Я застыла, завороженно глядя на танцующих мальчиков. «Как они похожи на моего Саньку!» Ком подкатил к горлу, но плакать я не могла. Просто стояла и смотрела.
Не знаю долго ли простояла так, а когда очнулась, то мучительно захотела отыскать своего сына. Для этого надо было вернуться в коридор и посмотреть не ушли ли «братаны».
Когда я заглянула в щель двери шкафа, кабинет был уже пуст. Для верности я подождала немного и, не услышав голосов, рискнула покинуть свое убежище. На цыпочках подошла к двери, опасаясь скрипа, медленно ее приоткрыла… и увидела молодого человека, мирно беседующего с Феликсом и «братаном».
«Вот же болтуны! — мысленно возмутилась я. — Просто ужас какой-то, так и крутится под ногами блатной народ. И что мне теперь делать?»
Положение было аховое. С одной стороны Тамарка, которая наверняка уже заметила мое, мягко говоря, отсутствие, а с другой стороны «братаны», которые не дают мне прохода. То есть выхода…
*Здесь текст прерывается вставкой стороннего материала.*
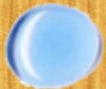
светло синьо 06A
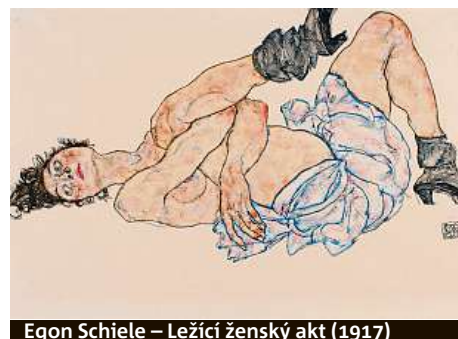
Egon Schiele – Ležící ženský akt (1917)

MODERNÍ EKOLOGICKÁ LISOVNA PLASTŮ Cegan s.r.o. | pracoviště: Husova 1693/35 CZ-664 51 Šlapanice | tel.: 775 884 413 kariera@cegan.cz | www.cegan.cz
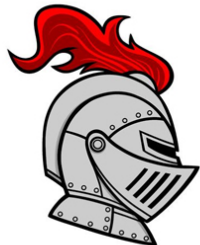
HEAUME / heaume
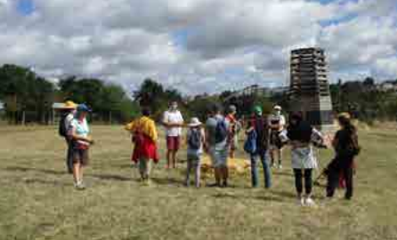
Visite « Souvenir d'une plage »
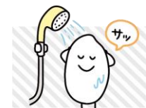
お米はサッと洗う
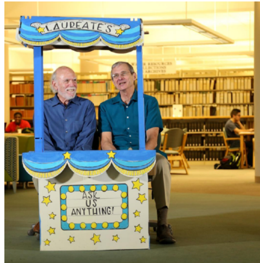
图为加州大学河滨分校诺贝尔获奖教授 Dr. Barry Barish 和 Dr. Richard Schrock，在学校图书馆和学生互动，举行Ask Me Anything活动
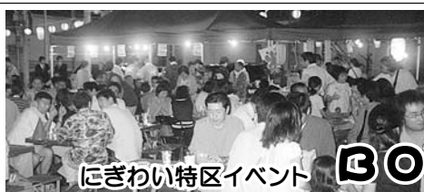
にぎわい特区イベント
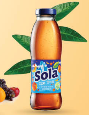
Sola ledeni čaj breskev, 0,33 l T.P.: 12 kos ŠIFRA art.: 776695
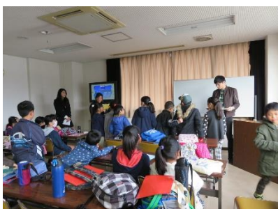
卒業（修了）証書授与式

今年度、最後のときつサタデールームは2月18日（土）、児童51人と世話役のスタッフ10人（うち大学生7人）、総勢61人が参加し、時津公民館で開催しました。
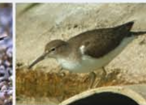
Flussuferläufer ( Actitis hypoleucos , engl. Common Sandpiper), Durchzügler, April bis Oktober, sehr seltener Brutvogel
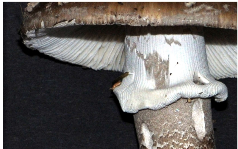
Amanita excelsa, var. spissa : noter l'anneau strié, l'absence de stries sur la marge du chapeau, le pied chiné.
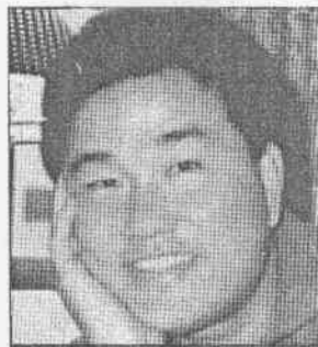
趙士強： 27屆世界錦標賽打擊王
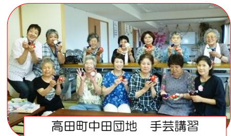
高田町中田団地 手芸講習

仮設住宅での趣味を生かした女性の生きがい支援として、平成 24 年 4 月から手芸講習を始めました。住田町の中上仮設の方は「手芸に夢中になっていると、色々の辛いことを忘れてよい。月 1 回であるが翌月が待ち遠しい」と言ってくれるほど、夢ネット大船渡の手芸講習は好評に継続中、今年度は 1ヶ月 25 力所の開催計画で行い、今年 12 月ころに延べ開催 800 回目となります。
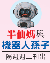
半仙媽與 機器人孫子 隔週週二刊出
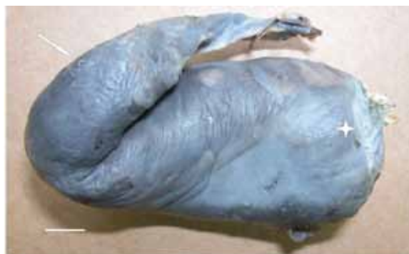
Рис. 5. Висцеральные органы брюшной полости тела мальмы оз. Чистое в «коконе» (стрелка – часть тела филономы вышла из-под «кокона»; звездочка – часть «кокона», обращенная к голове рыбы; масштаб: 1 см)

Ряд исследователей указывают на отсутствие признаков патологии у крупных и зрелых, пришедших на нерест, рыб, а у незрелых лососей, напротив, отмечают интенсивный процесс образования висцеральных спаек [27, 31, 34, 35]. Предполагается, что висцеральные спайки исчезают у созревших лососей [34], однако, с этим нельзя согласиться без оговорок. По нашим данным, к моменту нереста гольцов в их брюшной полости, вне «кокона», находятся, главным образом, единичные самцы,
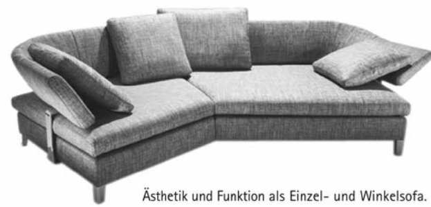
Ästhetik und Funktion als Einzel- und Winkelsofa.
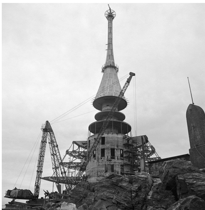
4) Stavba vysílače Sever odkud vysílalo svobodné studio.
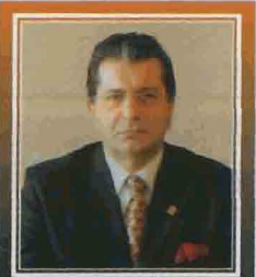
BURHAN KÜLÜNK (Yönetim Kurulu Başkan Vekili)

Aralık 2003 tarihinde Bayındırlık ve İskan Bakanlığı Müsteşar Yardımcılığına atanan YAMAÇ İngilizce, Almanca, Arapça bilmekte olup, evli ve 4 çocuk babasıdır.

И тут меня посетила очень мудрая мысль.
«А что это я так нервничаю? — подумала я. — Хотела же в спокойной обстановке с Гургеновым поговорить, так благодари Господа. Прав Мукунда, выполняет Всевышний наши желания. Сама же ломала голову, как к Гургенову попасть, вот и дал мне Господь награду за рост и старания: все Сам за меня сделал. Мне же теперь остается лишь в комнате с танцующими мальчиками сидеть и ждать когда Гургенов явится. А уж он явится обязательно, не для меня же он эту комнату статуэтками украсил. Молится наверняка, подлец, грехи замаливает.»
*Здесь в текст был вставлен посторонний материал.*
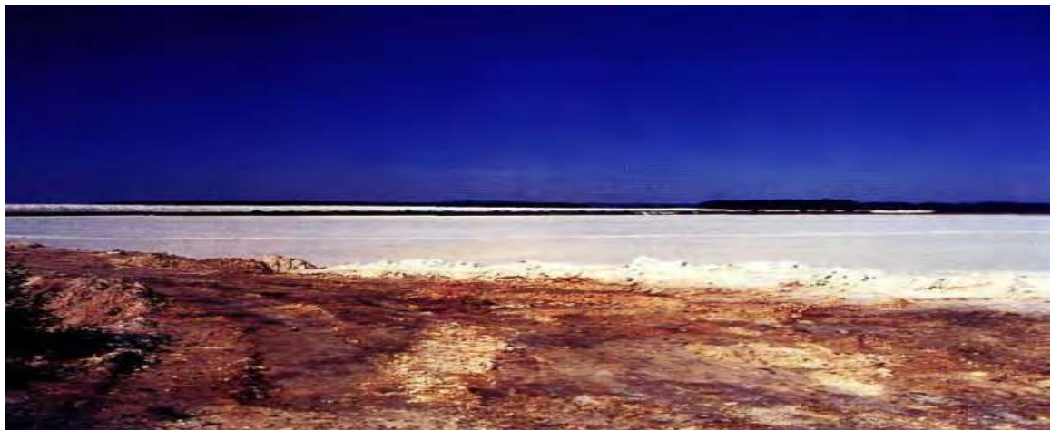
Slika 5. Izgled kazeta u koje se odlaže fosfogipsa

U neposrednoj blizini odlagališta fosfogipsa na području Kutinskog bazena primijećeno je sušenje i propadanje hrasta lužnjaka. Provedeno je istraživanje o tom problemu, sluteći da je do odumiranja lužnjaka došlo zbog utjecaja fosfogipsa, nusprodukta koji nastaje kod proizvodnje umjetnih gnojiva. Hrast lužnjak u blizini tog odlagališta sa 60-70% oštećenosti krošnje pripada kategoriji jako oštećenih stabala. Provedenim istraživanjem utvrđeno je da postoji poveznica između odlaganja fosfogipsa i propadanja stabala hrasta (Roša, 1998).
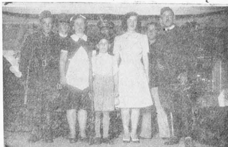
Igralci, ki so nastopili v igri "Partizanska špijonka"

Ob koncu je tudi omenil o skupnosti med našimi društvi, da te nismo še dosegli, ker
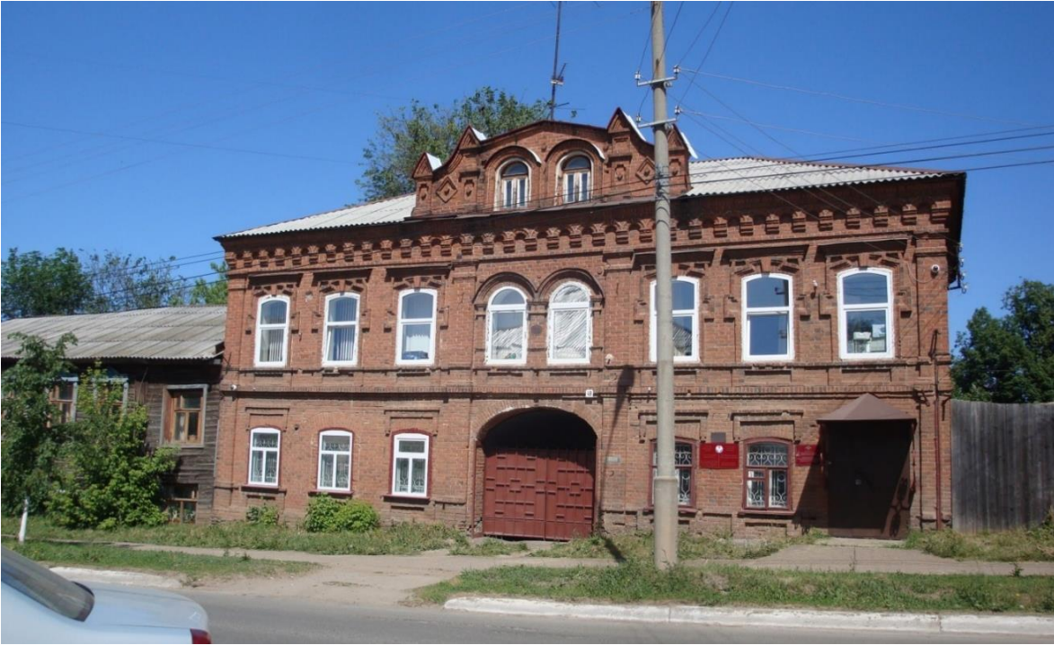
Рис. 2. Дом Леляковых по ул. Ленина, 49 Фото автора, 2017

И я снова полезла в шкаф, а через него и в ту красивую комнату. На этот раз прошлась по ней, исследовала каждый уголок и присмотрела себе в глубине за гирляндами роз и других цветов, за дверцами, расписанными золотом, диванчик. Уютный диванчик.
«Гургенов, если придет, будет сидеть на возвышении, — рассудила я. — Оттуда диванчика не видно. И вообще, он как-то на отшибе стоит, следовательно к нему редко подходят. Судя по обивке так и вовсе на нем не сидят.»
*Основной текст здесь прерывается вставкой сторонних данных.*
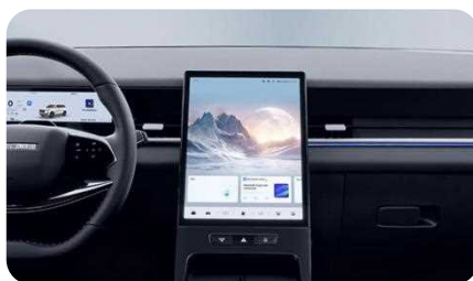
Écran central 13,2"
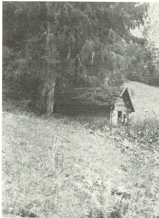
Gehrenhüttli, Ortsgemeinde Valens.

Noch wäre viel vom St. Gallerwald zu berichten, allein der zur Verfügung stehende Raum reicht nicht aus, alle Punkte zu berühren. Ich möchte aber nicht schließen, ohne den großen Wunsch auszu-
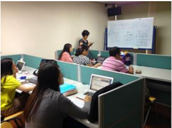
圖 9-研究生電子資源利用教育
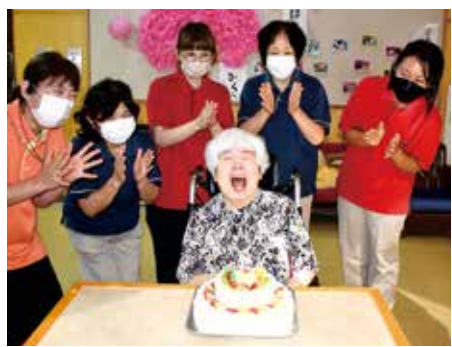
こぶし園代表作品
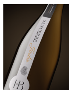
Sancerre blanc « Jadis » Kimméridgien p. 15-16
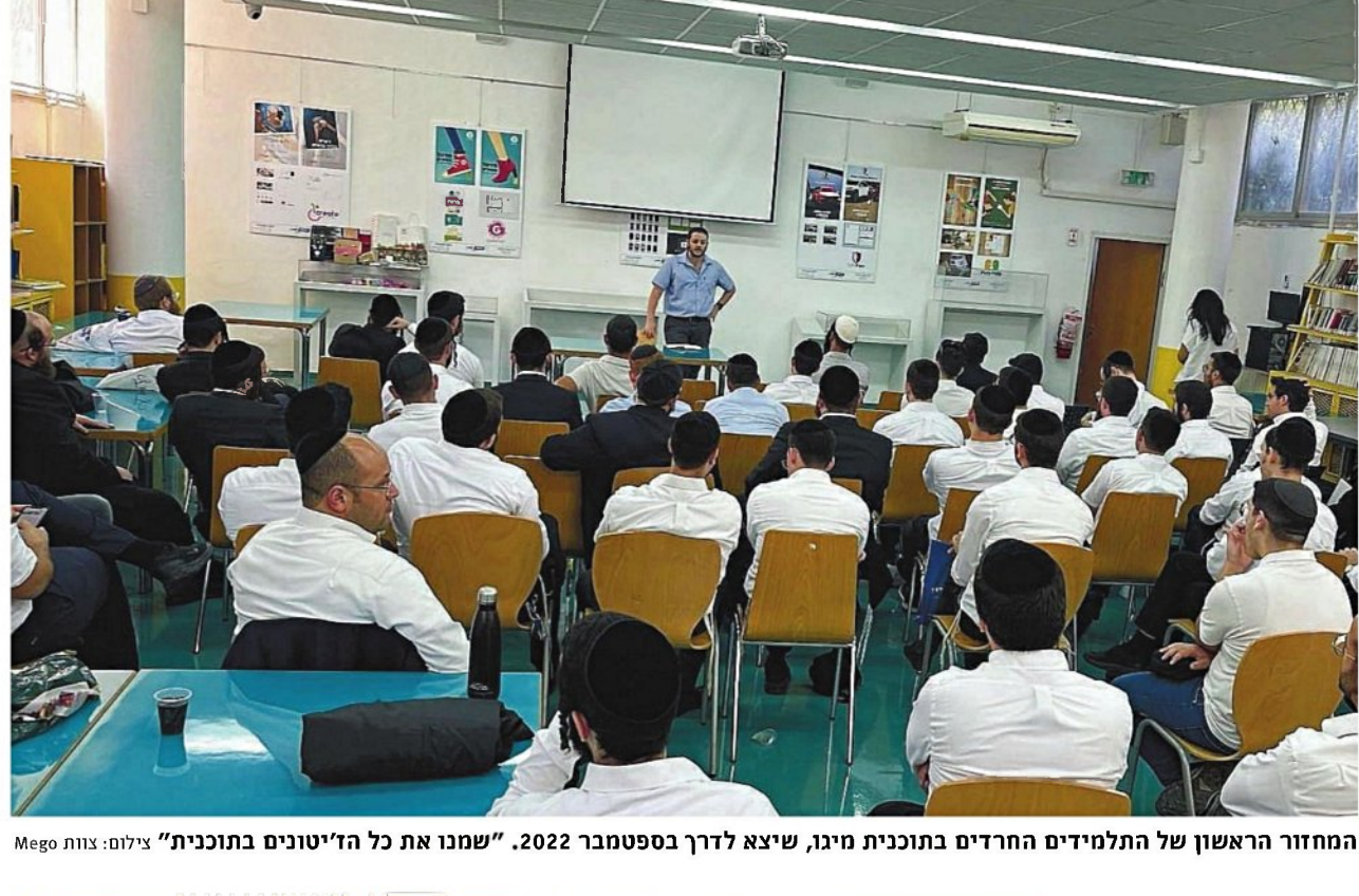
המחזור הראשון של התלמידים החרדים בתוכנית מיגו, שיצא לדרך בספטמבר 2022. "שמנו את כל הז'יטונים בתוכנית"

הקשורים לורוע העבודה בנתנת אינדיקציה מסוימת על מידת ההצלחה שלהם, ועל היקף ההשקעה: תוכנית מעלות עוסקת בהכשרת גברים חרדים לשיירות אורחית בתחום המחשוב, בעלות של 1.2 מיליון שקל. מבין 35 שסיימו את השירות האורחית, הרוב המכריע עובד בתחום, בשכר ממוצע של 17 אלף שקל. תוכנית קודקוד עוסקת בהכשרת גברים חרדים לקראת שירות ביחידות טכנולוגיות. מתוך 110 משתתפים, כ-90% עברו מיונים של צה"ל; 9 מיליון שקל תוקצבו לתוכנית הנועדה לצמצם את הנשירה של חרדים שולמדים תואר במקצועות המחשב; תוכנית נוספת, בעלות של 7 מיליון שקל, נועדה לממן שוברים להכשרה מקצועית במכללות פרטיות, למאות גברים ונשים. השוברים ניתנים לתלמידים בארבע אבני דרך, במקביל להתקדמות הלימודים. לפי הנתונים — רק 18% זכו לקבל את השובר הרביעי והאחרון, הניתן לאחר השמה במקום עבודה, מה שמעיד על שיעור הצלחה נמוך מאוד.
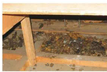
●ハクビシン・アライグマ・イタチなどの糞尿臭・獣臭対策として使用

Я решила ждать на диванчике, но как только уселась на него, зазвонил сотовый.
— Мама, ты невозможная! — раздраженно закричала Тамарка. — Куда ты пропала?
— Сама хотела бы знать, но пока нет никакой ясности, — сообщила я.
— Что?!!! — взревела Тамарка. — Не издеваешься ли ты надо мной? Я бросила все дела, как дура, выкручиваюсь перед Гургеновым, который в толк никак не может взять зачем я приехала, а ты?!
— Что — я?!
— Ты сошла с ума! Все, Мама, все, или говори где ты, или я сейчас же возвращаюсь в свой офис! — пригрозила Тамарка.
Я взмолилась:
— Тома, как могу я сказать тебе где я, если сама не имею об этом ни малейшего представления? Если скажу, что сижу в очень красивой комнате на экзотическом диванчике, ты поймешь?
— Нет, Мама, не пойму.
— И я бы не поняла.
— Так не морочь мне голову! — снова взорвалась Тамарка. — Где эта комната?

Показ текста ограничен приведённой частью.